Mo Data, Mo Problems

January 18. 2019 0 Comments

Its the gift that keeps on giving, our data synchronization process!

Well, it keeps on giving to me anyway, because its fuel for the furnaces of this blog. Sometimes finding topics to write about every week can be hard, so its nice when they drop into your lap.

Anyway, the process has started to creak at the seams a bit, because we’re pushing more data through it than ever before.

And when I say creak at the seams, what I mean is that our Read IOPS usage on the underlying database has returned to being consistently ridiculous.

Couldn’t Eat Another Bite

The data synchronization process had been relatively stable over most of 2018. Towards the middle, we scaled the underlying database to allow for the syncing of one of the two biggest data sets in the application, and after a slow rollout, that seemed to be going okay.

Of course, with that success under our belt, we decided to sync the other biggest data set in the application. Living life on the edge.

We ended up getting about half way through because everything started to fall apart again, with similar symptoms to last time (spiking Read IOPS capping out at the maximum allowed burst, which would consume the IO credits and then tank the performance completely). We tried a quick fix of provisioning IOPS (to guarantee performance and remove the tipping point created by the consumption of IO credits), but it wasn’t enough.

The database just could not keep up what was being demanded of it.

I’m A Very Understanding Person

Just like last time, the first step was to have a look at the queries being run and see if there was anything obviously inefficient.

With the slow queries related to the “version” of the remote table mostly dealt with in our last round of improvements, the majority of the slow queries remaining were focused on the part of the process that gets a table “manifest”. The worst offenders were the manifest calls for one of the big tables that we had only started syncing relatively recently. Keep in mind that this table is the “special” one featuring hard deletes (compared to the soft deletes of the other tables), so it was using the manifest functionality a lot more than any of the other tables were.

Having had enough of software level optimizations last time, we decided to try a different approach.
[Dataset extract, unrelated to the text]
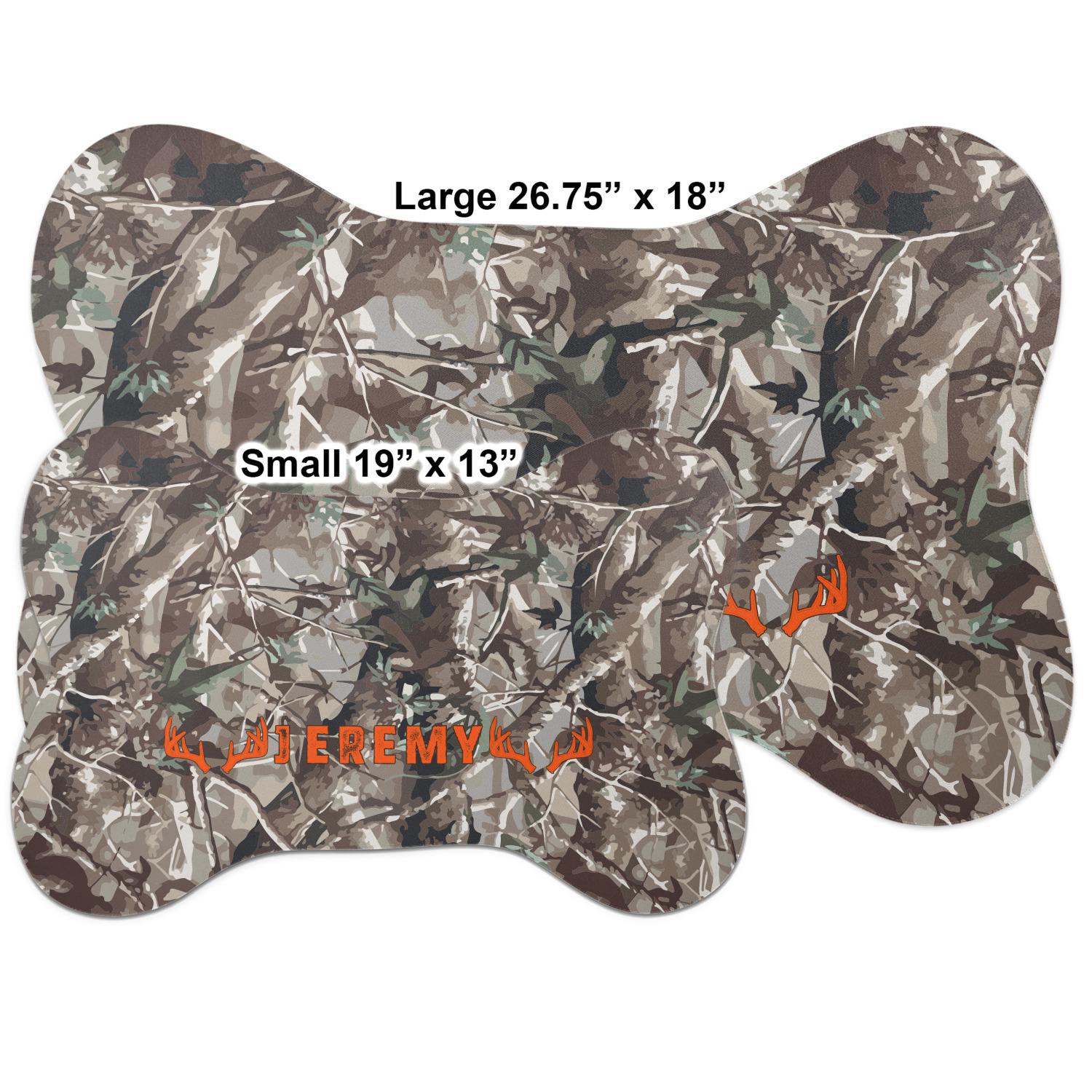 The top of this mat displays your custom design, as it is printed on polyester. To prevent slippage, the underside of the mat is made of rubber. We offer a small dog food mat, suitable for smaller dogs and a large dog food mat for bigger breeds. The small dog food mat is approximately 19 by 13 inches, while the large dog feeding mat measures at approximately 26.75 by 18 inches. Both personalized mats are ideally sized to fit two dog bowls.

An approach that is probably, by far, the more common approach when dealing with performance issues in a database.

Indexes.

Probably The Obvious Solution

The first time we had performance problems with the database we shied away from implementing additional indexes. At the time, we thought that the indexes that we did have were the most efficient for our query load (being a Clustered Index on the two most selective fields in the schema), and we assumed we would have to look elsewhere for optimization opportunities. Additionally, we were worried that the performance issues might have an underlying cause related to total memory usage, and adding another index (or 10) is just more things to keep in memory.
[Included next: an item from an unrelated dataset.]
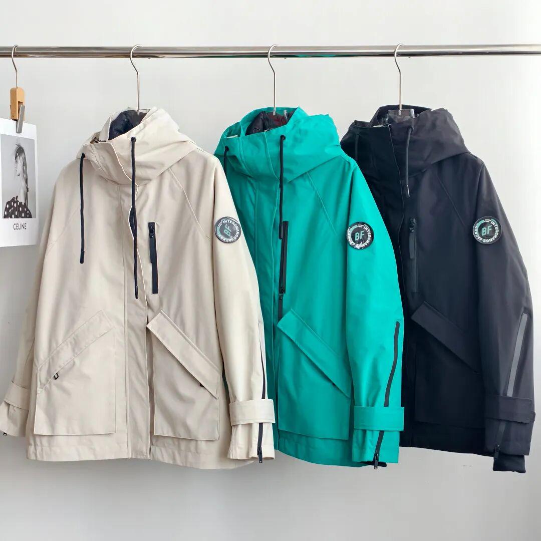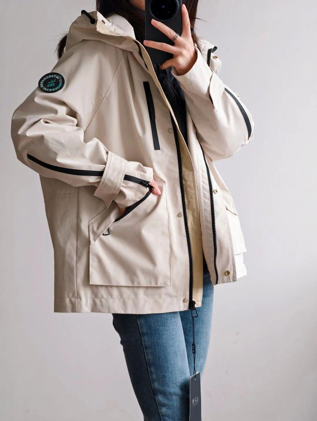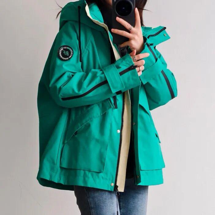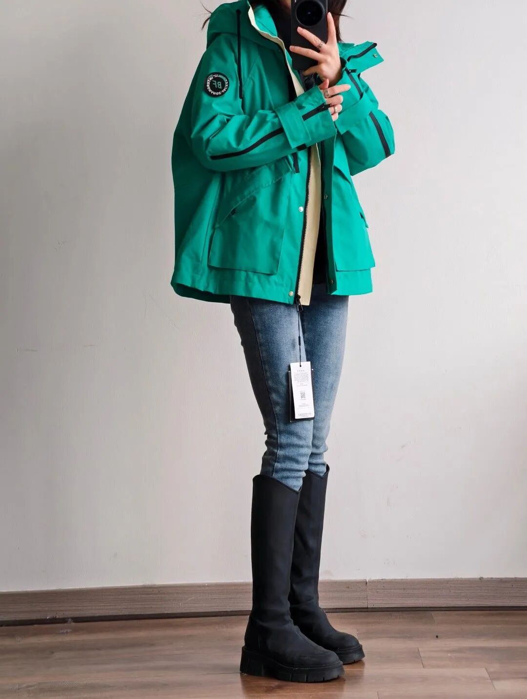 袖子上两条密封硅胶拉链,撞色设计,两侧工装风翻盖大口袋,设计感十足! 立领设计,拉链一拉到顶,加宽帽檐,挡雨也挡雪!

Having scaled the underlying instance and seeing no evidence that the core problem was memory related, we decided to pull the index lever this time.

Analysis showed that the addition of another index similar to the primary key would allow for a decent reduction in the amount of reads required to service a single request (in that, the index would short circuit the need to read the entire partition of the data set into memory in order to figure out what the max value was for the un-indexed field). A quick replication on our performance testing environment proved it unequivocally, which was nice.

For implementation, its easy enough to use Entity Framework to add an index as part of a database migration, so that’s exactly what we did.

We only encountered two issues, which was nice:

We didn’t seem to be able to use the concurrent index creation feature in PostgreSQL with the version of EF and Npgsql that we were using (which are older than I would like)
Some of the down migrations would not consistently apply, no matter what we tried

Neither of those two factors could stop us though, and the indexes were created.

Now we just had to roll them out.

Be Free Indexes, Be Free!

That required a little finesse.

We had a decent number of indexes that we wanted to add, and the datasets we wanted to add them to were quite large. Some of the indexes only took a few minutes to initialise, but others took as long as twenty.

Being that we couldn’t seem to get concurrent index creation working with Entity Framework data migrations, we had to sequence them out one at a time in sequential releases.

Not too hard, but a little bit more time consuming than we originally desired.

Of course, the sync process being what it is, its okay if it goes down for a half hour every now and then, so we just took everything out of service temporarily on each deployment to ensure that the database could focus on the index creation without having worry too much about dealing with the constant flood of requests that it usually gets.

Conclusion

At the end of the day, this round of performance investigation and optimization actually took a hell of a lot less time and effort than the last, but I think that’s kind of to be expected when you’re actively trying to minimise code changes.

With the first few of the indexes deployed, we’ve already seen a significant drop in the Read IOPS of the database, and I think we’re going to be in a pretty good place to continue to sync the remainder of the massive data set that caused the database to choke.

The best indicator of future performance is past data though, so I’m sure there will be another post one day, talking all about the next terrible problem.

And how we solved it of course, because that’s what we do.